Give back the records below verbatim, please, but without a single image.

------ Entries supplied ------

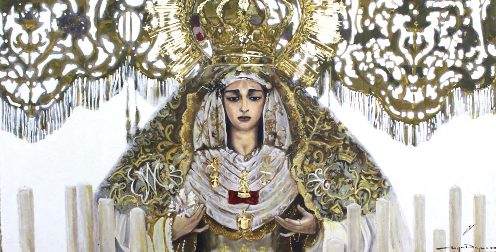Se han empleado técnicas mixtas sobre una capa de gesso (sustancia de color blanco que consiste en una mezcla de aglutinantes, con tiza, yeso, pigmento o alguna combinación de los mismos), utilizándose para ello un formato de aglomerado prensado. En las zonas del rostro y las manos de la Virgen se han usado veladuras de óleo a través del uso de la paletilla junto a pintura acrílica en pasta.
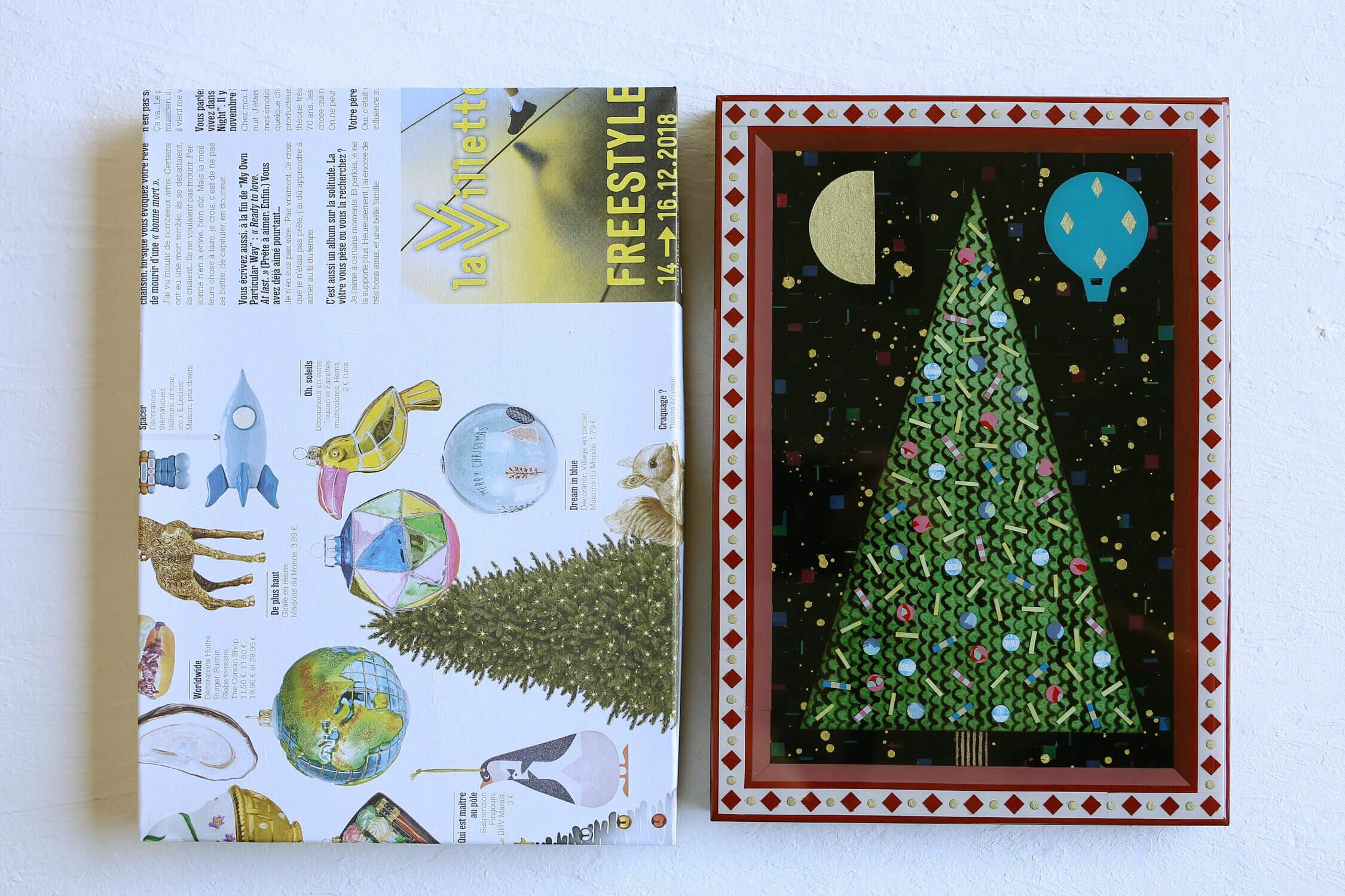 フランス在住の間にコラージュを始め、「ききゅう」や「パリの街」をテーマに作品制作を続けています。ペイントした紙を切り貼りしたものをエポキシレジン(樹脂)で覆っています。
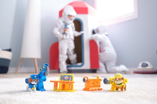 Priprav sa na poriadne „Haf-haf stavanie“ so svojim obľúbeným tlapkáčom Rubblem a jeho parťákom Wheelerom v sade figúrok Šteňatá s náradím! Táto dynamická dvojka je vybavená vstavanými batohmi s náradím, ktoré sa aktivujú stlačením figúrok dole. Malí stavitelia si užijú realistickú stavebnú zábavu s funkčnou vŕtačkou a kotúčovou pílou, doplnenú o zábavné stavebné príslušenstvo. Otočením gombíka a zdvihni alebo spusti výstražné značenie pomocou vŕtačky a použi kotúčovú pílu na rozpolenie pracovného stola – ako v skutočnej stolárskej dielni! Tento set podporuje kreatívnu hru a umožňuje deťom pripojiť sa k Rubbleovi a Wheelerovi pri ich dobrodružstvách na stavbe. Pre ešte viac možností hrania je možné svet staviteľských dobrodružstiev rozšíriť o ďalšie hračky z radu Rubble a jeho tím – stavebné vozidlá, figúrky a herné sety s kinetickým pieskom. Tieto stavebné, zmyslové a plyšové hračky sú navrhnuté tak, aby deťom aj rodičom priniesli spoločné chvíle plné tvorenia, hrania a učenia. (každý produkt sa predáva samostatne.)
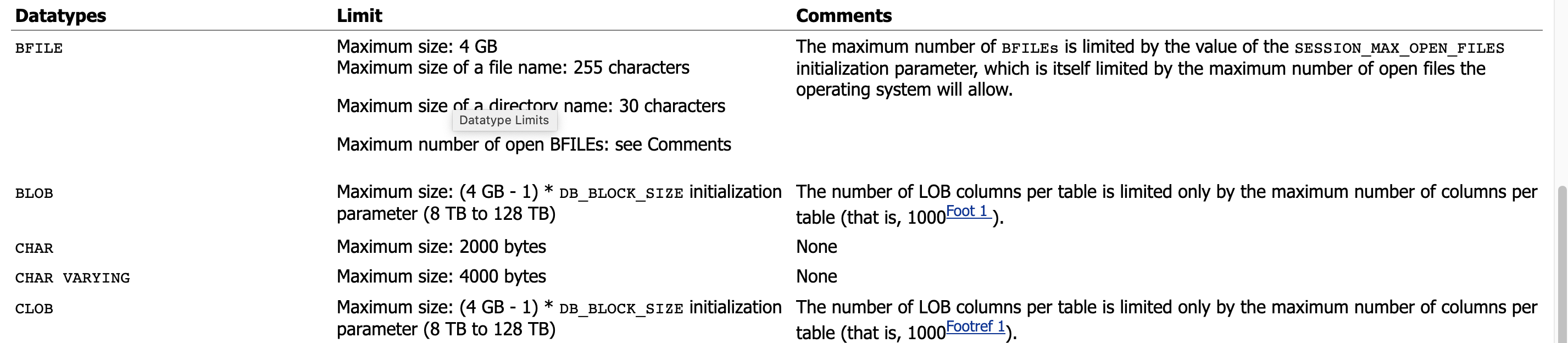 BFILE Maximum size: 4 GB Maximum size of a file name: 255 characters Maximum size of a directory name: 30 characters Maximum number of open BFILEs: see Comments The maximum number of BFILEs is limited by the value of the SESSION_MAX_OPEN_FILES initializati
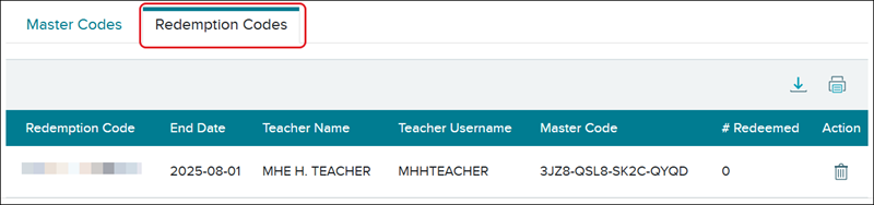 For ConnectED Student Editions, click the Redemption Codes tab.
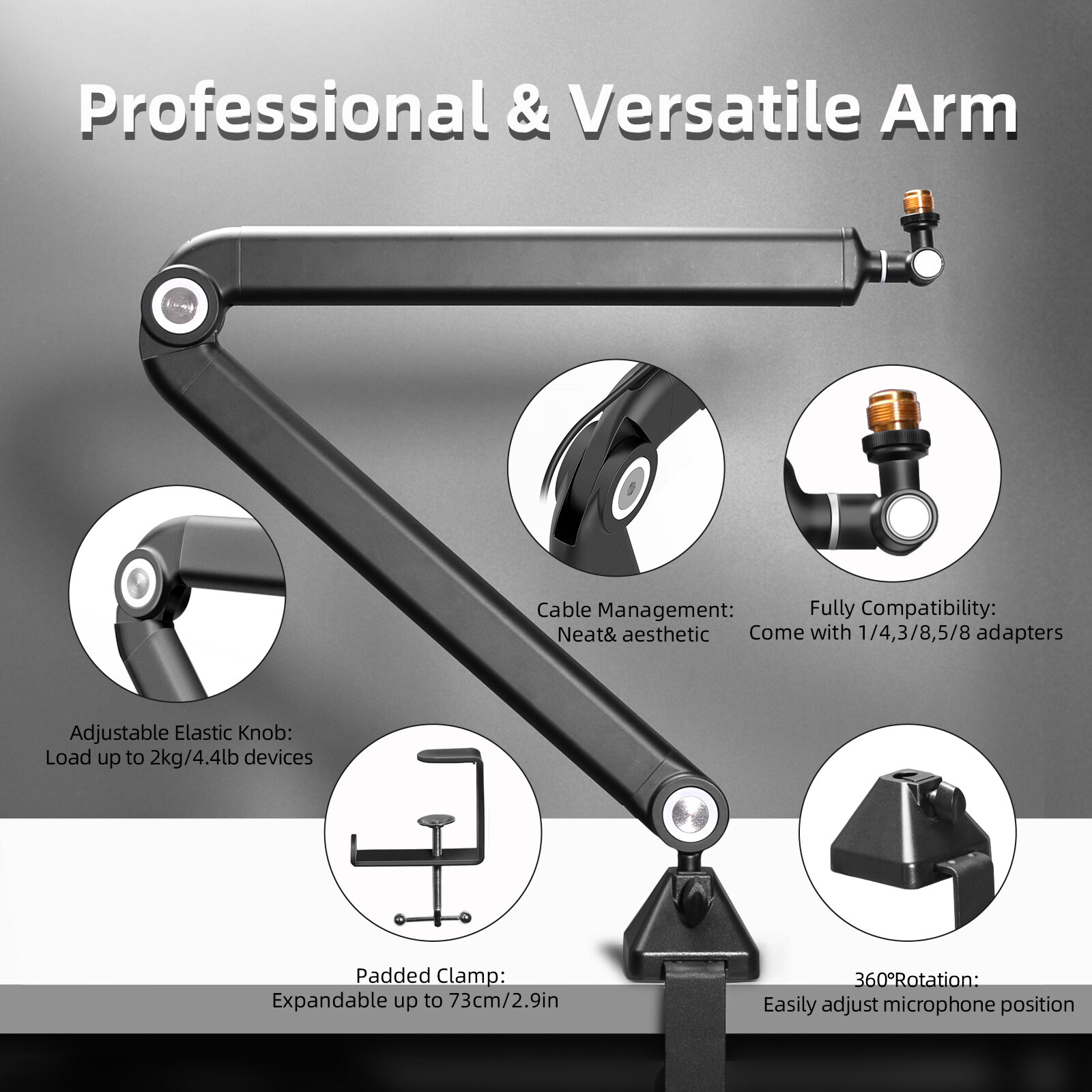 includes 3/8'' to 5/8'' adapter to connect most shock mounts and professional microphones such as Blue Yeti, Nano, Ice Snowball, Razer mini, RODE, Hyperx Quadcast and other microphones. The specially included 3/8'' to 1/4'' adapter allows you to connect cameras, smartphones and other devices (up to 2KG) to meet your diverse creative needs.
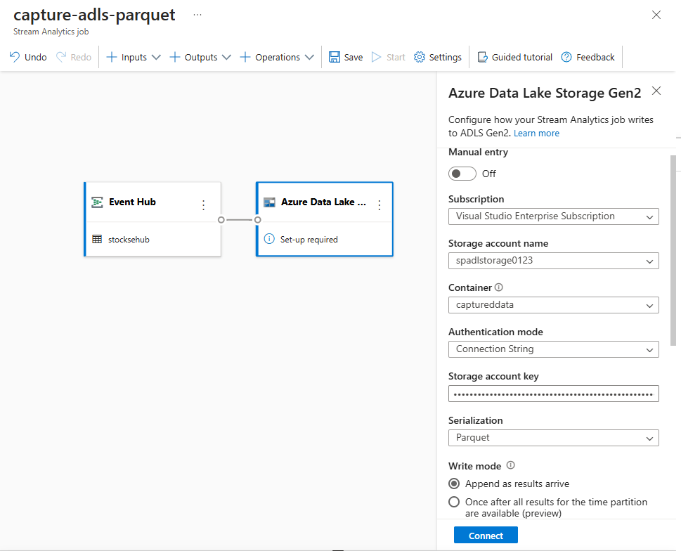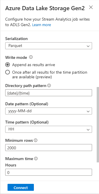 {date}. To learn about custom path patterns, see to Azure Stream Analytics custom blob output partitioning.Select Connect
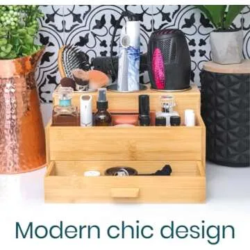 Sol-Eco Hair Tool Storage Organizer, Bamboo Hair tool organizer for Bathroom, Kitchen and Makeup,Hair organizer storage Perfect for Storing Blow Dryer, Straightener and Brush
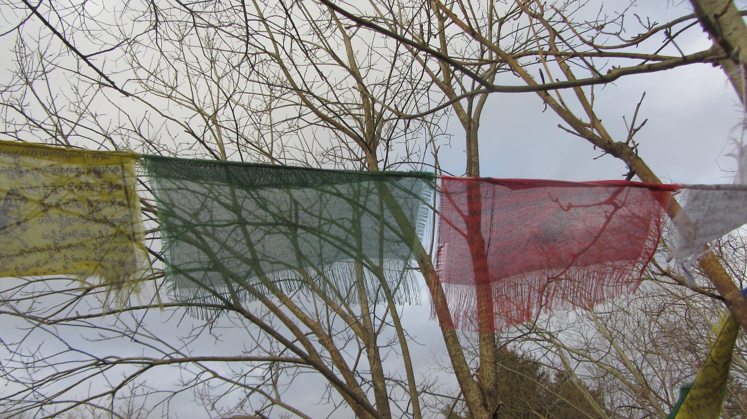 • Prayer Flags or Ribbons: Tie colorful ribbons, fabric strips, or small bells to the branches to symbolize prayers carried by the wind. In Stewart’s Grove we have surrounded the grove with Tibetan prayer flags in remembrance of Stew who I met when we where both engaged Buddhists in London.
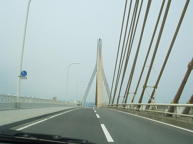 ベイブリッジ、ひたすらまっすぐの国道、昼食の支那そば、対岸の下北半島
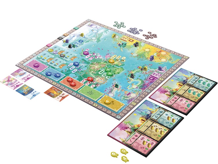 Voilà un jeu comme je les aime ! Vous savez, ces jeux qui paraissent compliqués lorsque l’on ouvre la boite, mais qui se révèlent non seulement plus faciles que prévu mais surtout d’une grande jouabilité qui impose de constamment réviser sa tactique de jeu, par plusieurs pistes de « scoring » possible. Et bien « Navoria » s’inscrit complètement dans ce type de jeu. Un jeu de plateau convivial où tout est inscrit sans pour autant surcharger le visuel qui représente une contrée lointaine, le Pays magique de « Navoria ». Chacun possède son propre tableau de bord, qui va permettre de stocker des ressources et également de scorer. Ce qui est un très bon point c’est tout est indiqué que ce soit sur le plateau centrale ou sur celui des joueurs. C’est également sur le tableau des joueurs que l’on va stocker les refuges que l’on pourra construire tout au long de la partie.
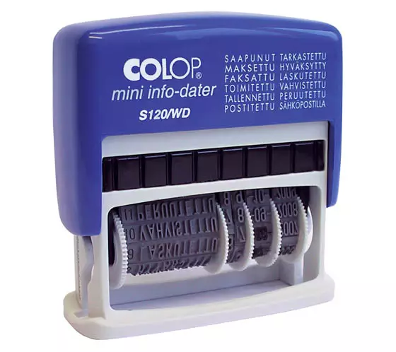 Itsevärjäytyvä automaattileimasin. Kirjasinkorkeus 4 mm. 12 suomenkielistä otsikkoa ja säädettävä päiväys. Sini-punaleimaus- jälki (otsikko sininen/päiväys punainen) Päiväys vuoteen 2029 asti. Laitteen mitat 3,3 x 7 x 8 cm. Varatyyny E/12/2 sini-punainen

------

◆ **Task solution**:
Se han empleado técnicas mixtas sobre una capa de gesso (sustancia de color blanco que consiste en una mezcla de aglutinantes, con tiza, yeso, pigmento o alguna combinación de los mismos), utilizándose para ello un formato de aglomerado prensado. En las zonas del rostro y las manos de la Virgen se han usado veladuras de óleo a través del uso de la paletilla junto a pintura acrílica en pasta.
 フランス在住の間にコラージュを始め、「ききゅう」や「パリの街」をテーマに作品制作を続けています。ペイントした紙を切り貼りしたものをエポキシレジン(樹脂)で覆っています。
 Priprav sa na poriadne „Haf-haf stavanie“ so svojim obľúbeným tlapkáčom Rubblem a jeho parťákom Wheelerom v sade figúrok Šteňatá s náradím! Táto dynamická dvojka je vybavená vstavanými batohmi s náradím, ktoré sa aktivujú stlačením figúrok dole. Malí stavitelia si užijú realistickú stavebnú zábavu s funkčnou vŕtačkou a kotúčovou pílou, doplnenú o zábavné stavebné príslušenstvo. Otočením gombíka a zdvihni alebo spusti výstražné značenie pomocou vŕtačky a použi kotúčovú pílu na rozpolenie pracovného stola – ako v skutočnej stolárskej dielni! Tento set podporuje kreatívnu hru a umožňuje deťom pripojiť sa k Rubbleovi a Wheelerovi pri ich dobrodružstvách na stavbe. Pre ešte viac možností hrania je možné svet staviteľských dobrodružstiev rozšíriť o ďalšie hračky z radu Rubble a jeho tím – stavebné vozidlá, figúrky a herné sety s kinetickým pieskom. Tieto stavebné, zmyslové a plyšové hračky sú navrhnuté tak, aby deťom aj rodičom priniesli spoločné chvíle plné tvorenia, hrania a učenia. (každý produkt sa predáva samostatne.)
 BFILE Maximum size: 4 GB Maximum size of a file name: 255 characters Maximum size of a directory name: 30 characters Maximum number of open BFILEs: see Comments The maximum number of BFILEs is limited by the value of the SESSION_MAX_OPEN_FILES initializati
 For ConnectED Student Editions, click the Redemption Codes tab.
 includes 3/8'' to 5/8'' adapter to connect most shock mounts and professional microphones such as Blue Yeti, Nano, Ice Snowball, Razer mini, RODE, Hyperx Quadcast and other microphones. The specially included 3/8'' to 1/4'' adapter allows you to connect cameras, smartphones and other devices (up to 2KG) to meet your diverse creative needs.
 {date}. To learn about custom path patterns, see to Azure Stream Analytics custom blob output partitioning.Select Connect
 Sol-Eco Hair Tool Storage Organizer, Bamboo Hair tool organizer for Bathroom, Kitchen and Makeup,Hair organizer storage Perfect for Storing Blow Dryer, Straightener and Brush
 • Prayer Flags or Ribbons: Tie colorful ribbons, fabric strips, or small bells to the branches to symbolize prayers carried by the wind. In Stewart’s Grove we have surrounded the grove with Tibetan prayer flags in remembrance of Stew who I met when we where both engaged Buddhists in London.
 ベイブリッジ、ひたすらまっすぐの国道、昼食の支那そば、対岸の下北半島
 Voilà un jeu comme je les aime ! Vous savez, ces jeux qui paraissent compliqués lorsque l’on ouvre la boite, mais qui se révèlent non seulement plus faciles que prévu mais surtout d’une grande jouabilité qui impose de constamment réviser sa tactique de jeu, par plusieurs pistes de « scoring » possible. Et bien « Navoria » s’inscrit complètement dans ce type de jeu. Un jeu de plateau convivial où tout est inscrit sans pour autant surcharger le visuel qui représente une contrée lointaine, le Pays magique de « Navoria ». Chacun possède son propre tableau de bord, qui va permettre de stocker des ressources et également de scorer. Ce qui est un très bon point c’est tout est indiqué que ce soit sur le plateau centrale ou sur celui des joueurs. C’est également sur le tableau des joueurs que l’on va stocker les refuges que l’on pourra construire tout au long de la partie.
 Itsevärjäytyvä automaattileimasin. Kirjasinkorkeus 4 mm. 12 suomenkielistä otsikkoa ja säädettävä päiväys. Sini-punaleimaus- jälki (otsikko sininen/päiväys punainen) Päiväys vuoteen 2029 asti. Laitteen mitat 3,3 x 7 x 8 cm. Varatyyny E/12/2 sini-punainen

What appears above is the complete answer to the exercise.